The event went on in a climate of joy and sharing, but also of engagement in society, it was marked by meetings, debates, concerts, prayers, street demonstrations, and it ended with a solemn Pentecost worship, celebrated in the theatre “Dal Verme”. The occasion highlighted the themes dear to the Italian Protestants: the reception and integration of migrants, secularism and religious freedom, ecumenical and interreligious dialogue, the struggle against women violence, citizenship rights, gender identity, etc.

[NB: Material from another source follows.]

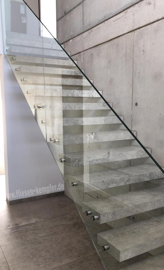 Diese Treppenanlage scheint zu schweben. Die Stufen sind an vier Seiten geschlossen. Zusammen mit dem Glasgeländer wirkt diese Treppenanlage großzügig und hell.

The Pentecost worship, broadcast by the National TV on Sunday morning, was preceded by a joyous and singing parade which brought the participants from Piazza del Duomo to the Theatre “Dal Verme”. At the end of the gathering, the president of FCEI, pastor Luca Negro in expressing his gratitude and appreciation for the great engagement of the Milan churches, invited everybody to the next national rendezvous on occasion of the 500th Anniversary of the Reformation: the day promoted by FCEI for Saturday October 28th in Piazza Cavour in Rome, on the theme “Free to love and serve”.

The Pentecost worship was attended also by the members of the Council of Christian Churches in Milan, among whom the Archimandrite Theofilaktos, of the Greek Orthodox church of the Ecumenical Patriarchate of Constantinople, and the Cardinal Angelo Scola, who, at the end of the meeting, recalling the Catholic-Lutheran declaration of Lund, stated: “ The way we relate among us affects our testimony of the Gospel; we pledge to grow further in the fellowship rooted in Baptism, trying to remove the remaining obstacles that prevent us from reaching full Unity”.